AMD drivers are now open and in the mainline kernel. They dropped their proprietary driver and now use the upstream MESA stack. Nvidia also still suffers from a 20-30% performance drop on DX12 games on Linux, while AMD does not.
It used to be the reverse as you stated, but that hasn't been true since about 2015.
Okay, but AMD isn't accelerated. It's godawful slow for anything to do with video, and really you just need an NVidia card if you're doing anything to do with video editing or motion graphics.
The built-in amdgpu drivers are awful, constantly crashy and with very poor hardware support of anything more than a couple of years old.
It doesn't have CUDA beacuse that's NVidia-only and it doesn't have OpenCL unless you use the binary-only drivers, which only work on a handful of very new cards.

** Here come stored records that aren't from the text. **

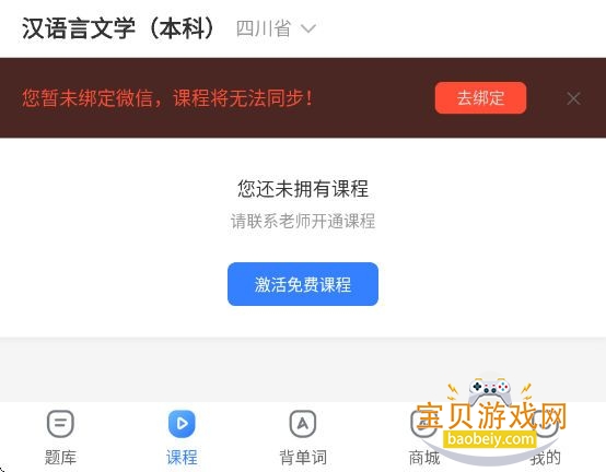 用户需要绑定自己的微信才能同步课程,用户需要联系老师才能开通课程。
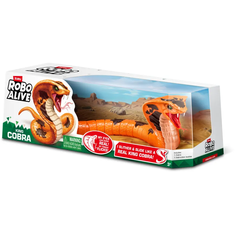 Освободите захватывающую 44,5 см длинную Robo Alive King Cobra, которая движется как настоящая благодаря интеллектуальной технологии обнаружения движения. Благодаря ультрареалистичной змейной коже эта королевская кобра выглядит как живая. Батарейки (2 x 1.5 V AAA/LR03) не входят в комплект. Рекомендуется для детей от 3 лет.
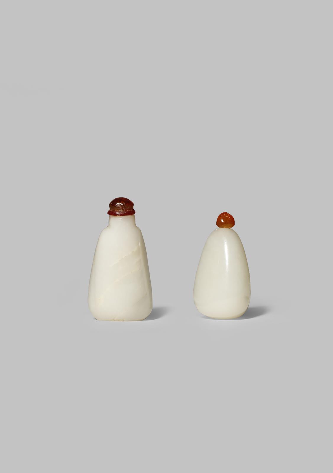 TWO CHINESE WHITE JADE SNUFF BOTTLES QING DYNASTY One of pebble form
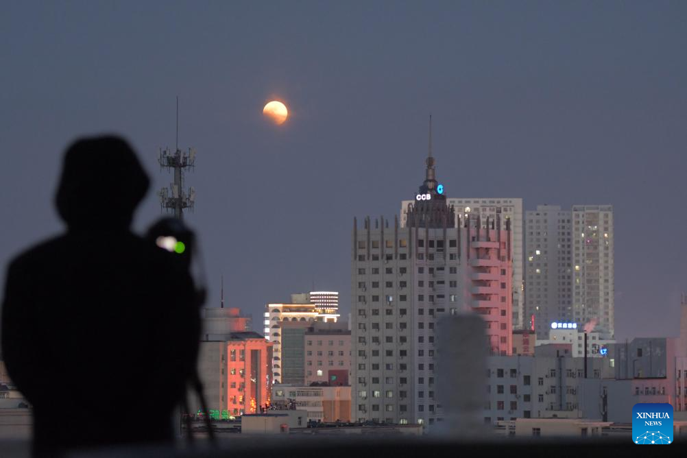 A citizen photographs a total lunar eclipse over Qiqihar City, northeast China's Heilongjiang Province, March 3, 2026. Tuesday marked the Lantern Festival, which falls on the 15th day of the first month of the Chinese lunar calendar. This year's festival coincided with a total lunar eclipse. (Photo by Wang Yonggang/Xinhua)
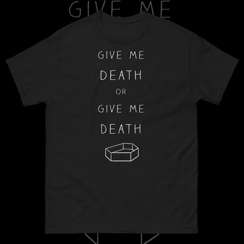 Футболка "Give Me Death" в готическом стиле, ню-готика, пастельные тона, софт-гранж, саркастический гроб, унисекс.
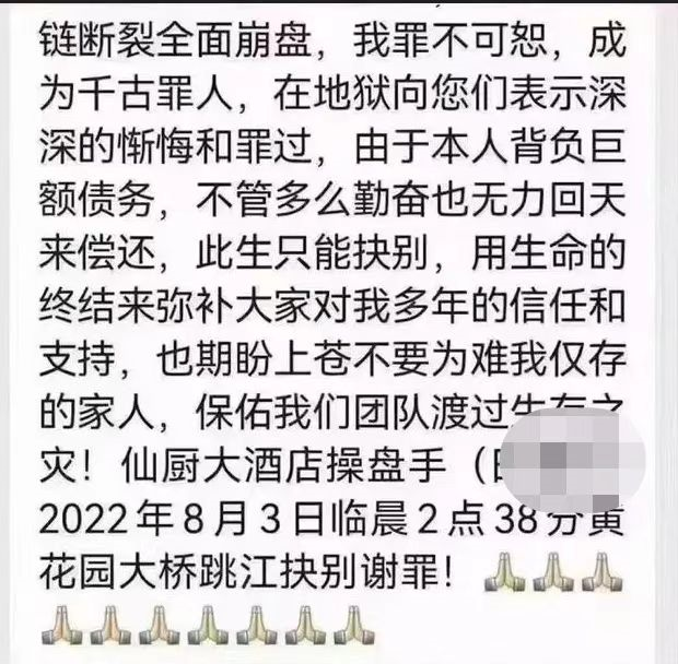 心灰意冷的他却从100多米的黄花园大桥一跃而下结束了生命,留下了无助的妻儿和一堆无法偿还的债务。
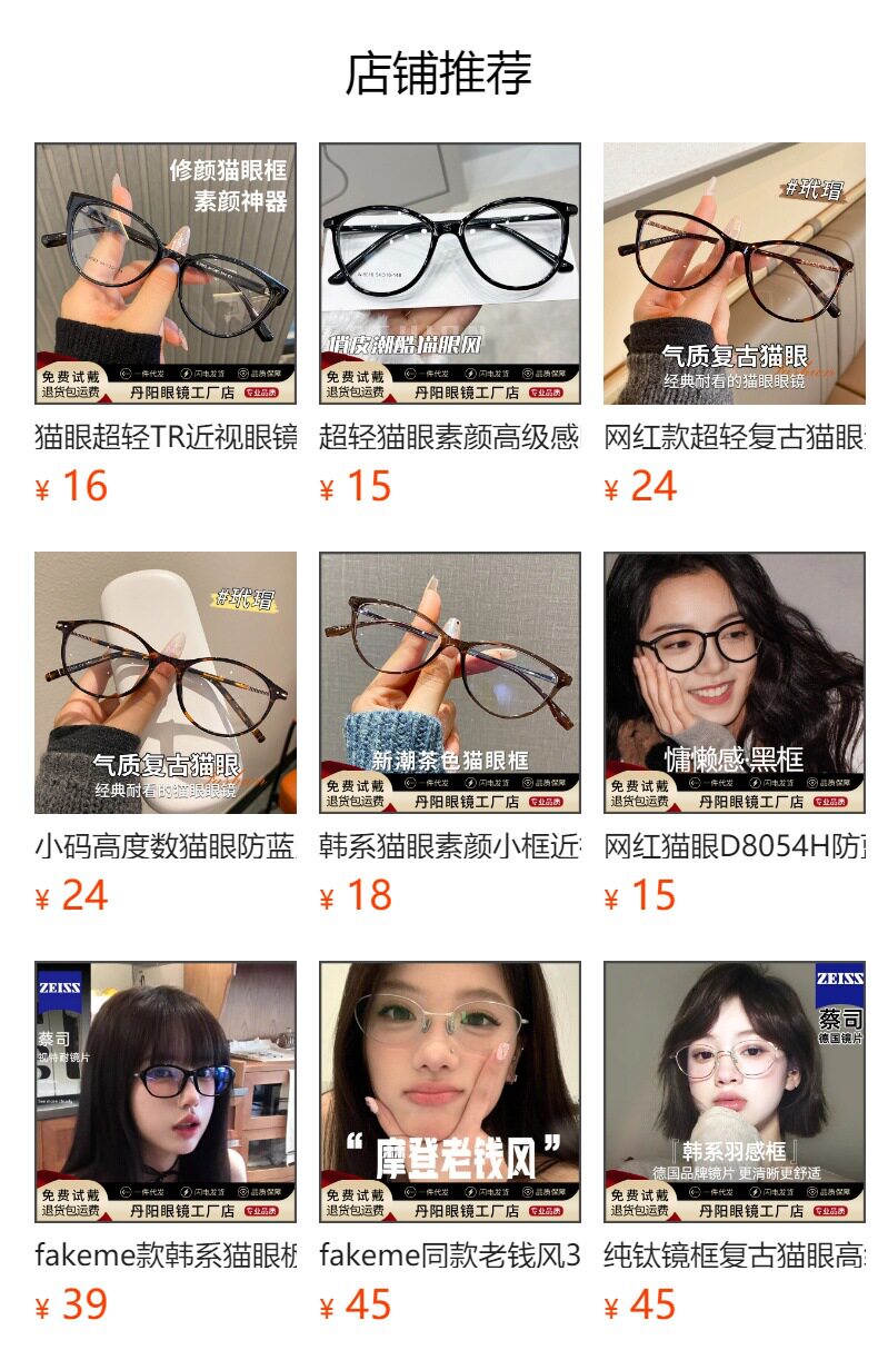 Internet Celebrity Cat Eye D8054H Anti-Blue Light Ultra-Light Tr Myopia Glasses Frame Female High-End Danyang Glasses Wholesale
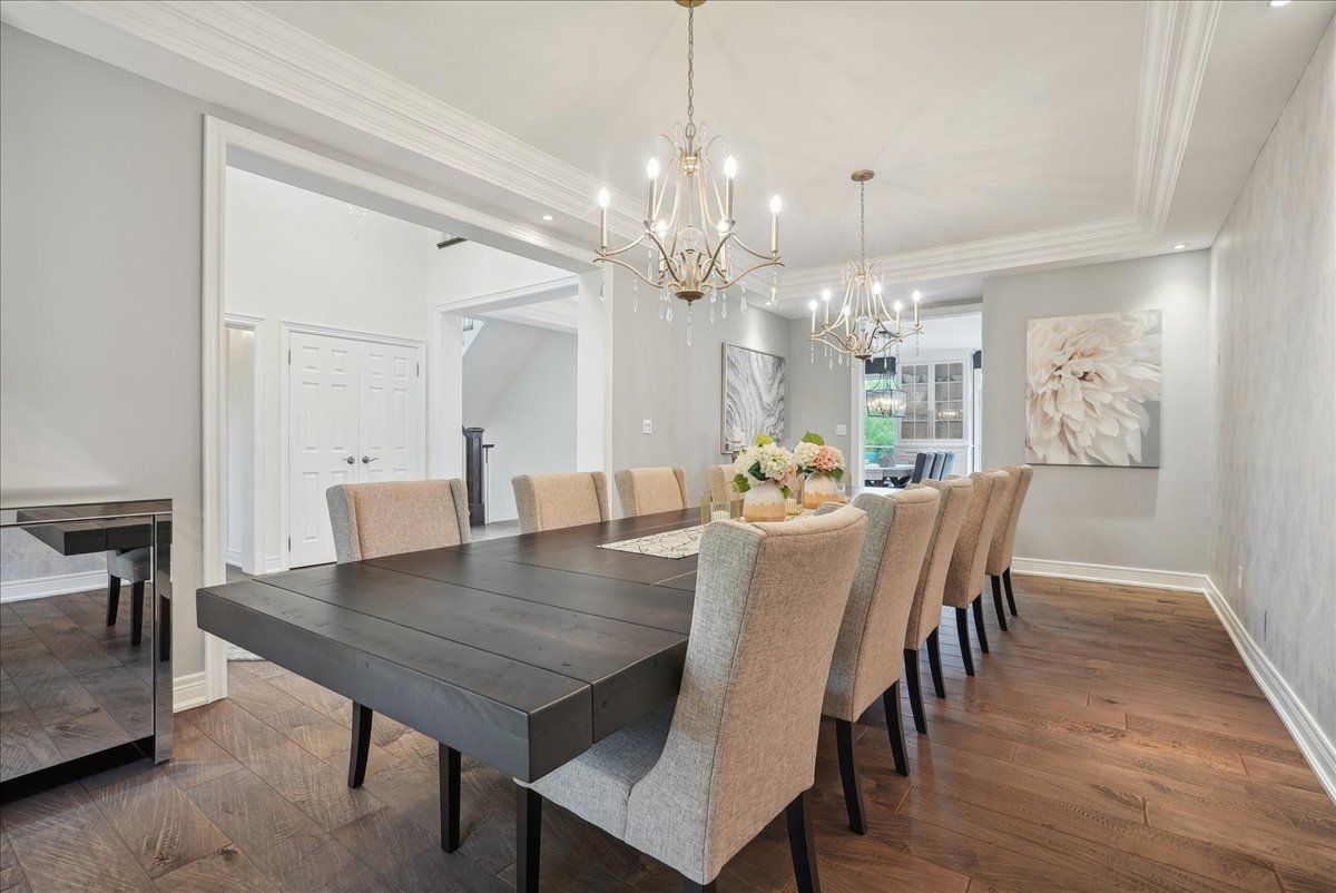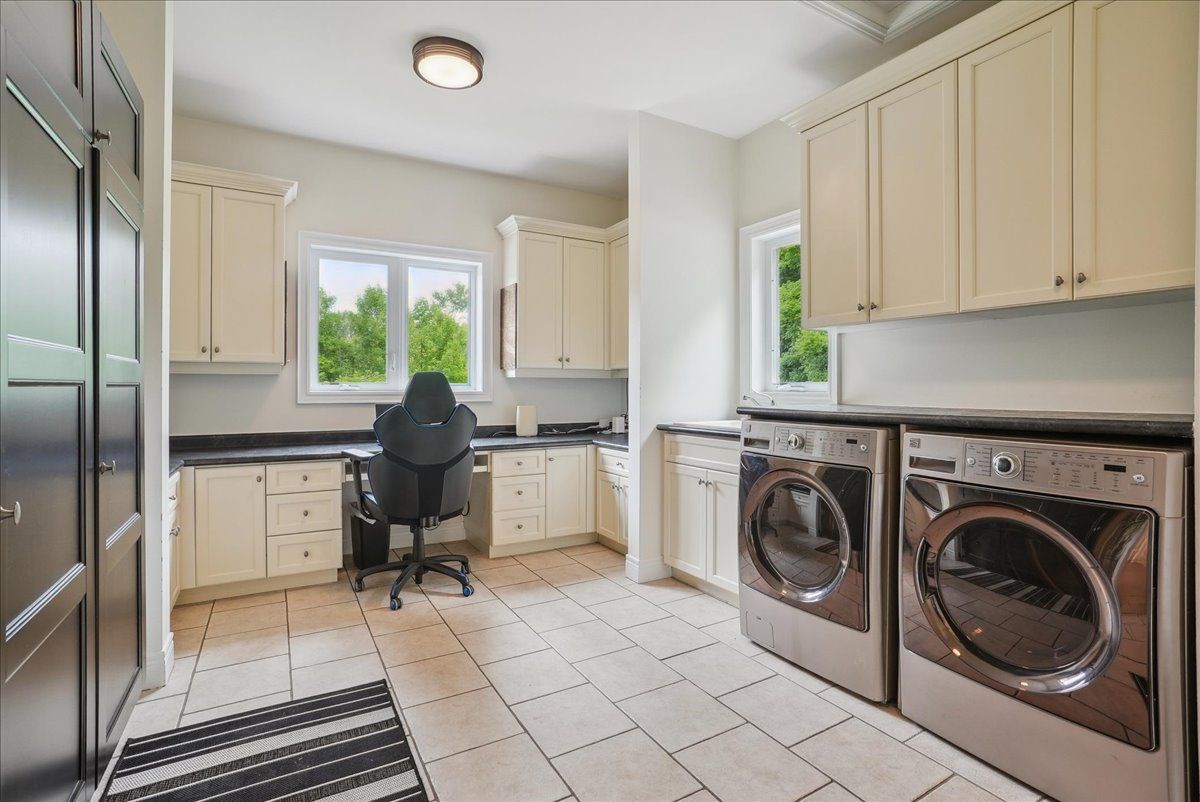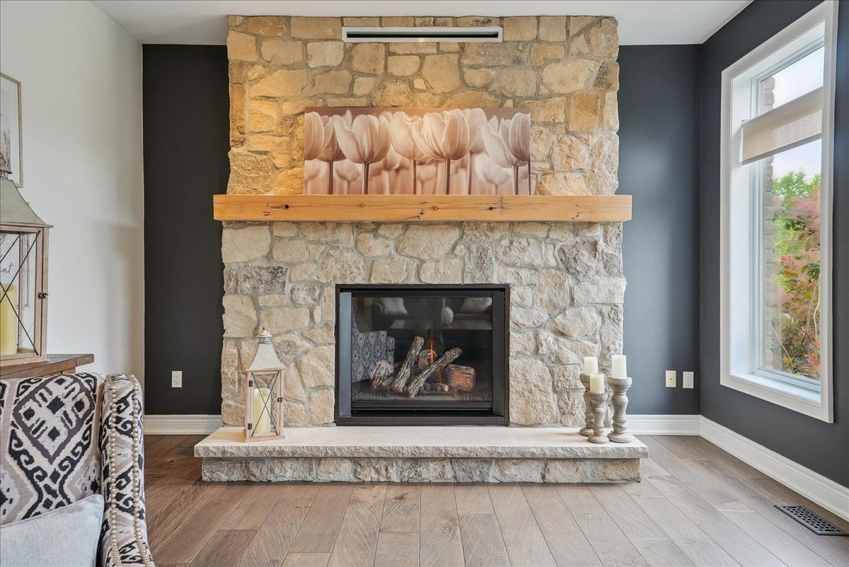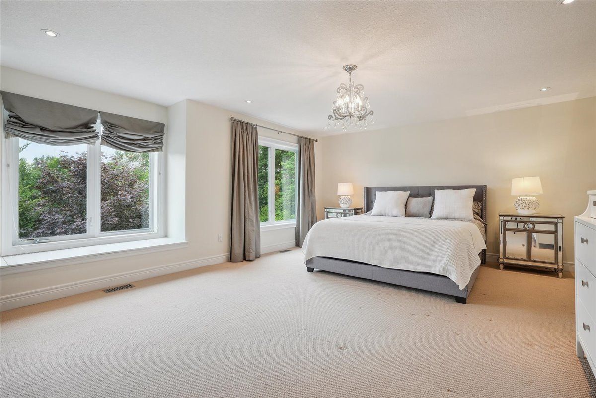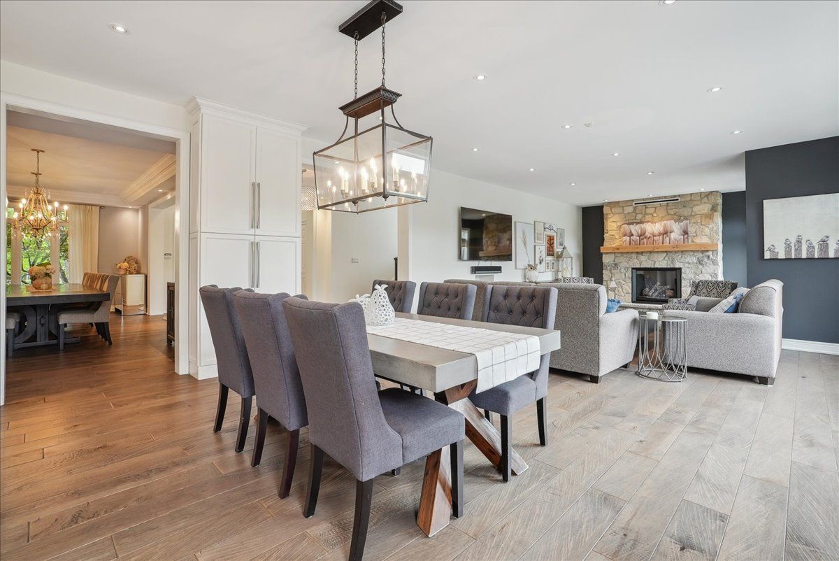 Beautifully designed executive home offering over 5,700 sq ft of finished living space on a quiet court, with exceptional privacy and stunning treed views. The spacious main floor features an entertainers gourmet kitchen with full fridge and freezer, 48-inch range, hidden coffee bar, and an oversized island with seating for six+. The kitchen opens to the eat-in area and living room with hand picked stone fireplace, plus a formal dining room that seats 16+. Main-floor laundry and a convenient three-car garage with large driveway parking for approximately 8 cars. Upstairs you'll find five generous bedrooms and three full baths, including a luxurious primary suite with oversized ensuite, two walk-in closets, and a private exercise room. A second bedroom with its own ensuite is perfect for guests or family. The finished walk-out basement is designed for entertaining, with a full bar, pool table area, dance room, bathroom, and plenty of storage. Step outside to your backyard oasis featuring a sparkling pool with waterfall, diving rock, and fountains. Enjoy both a dedicated pool house and a separate outdoor living room with stone fireplace and cedar shake roof. Host gatherings at the built-in poolside barbecue and bar area, all surrounded by mature trees for ultimate seclusion. Natural gas is at the property rare for country living!

I actually switched from a 7900 XTX to a 4090 BITD because I wanted CUDA, so I get that angle, but that doesn't mean I go around telling people "AMD isn't accelerated," because it's not true and it's a silly thing to try to claim.
NVIDIA is currently improving as well! Of course AMD is still the safer bet, but I think things look bright for NVIDIA in the future. The kernel driver was open sourced, and they are currently working on the DX12 performance issues.
Then you'll have AMD headaches. NVidia is the only accelerated graphics card fully supported on Linux.
You only get acceleration in AMD if you use their binary-only drivers and they only support cards for about a year.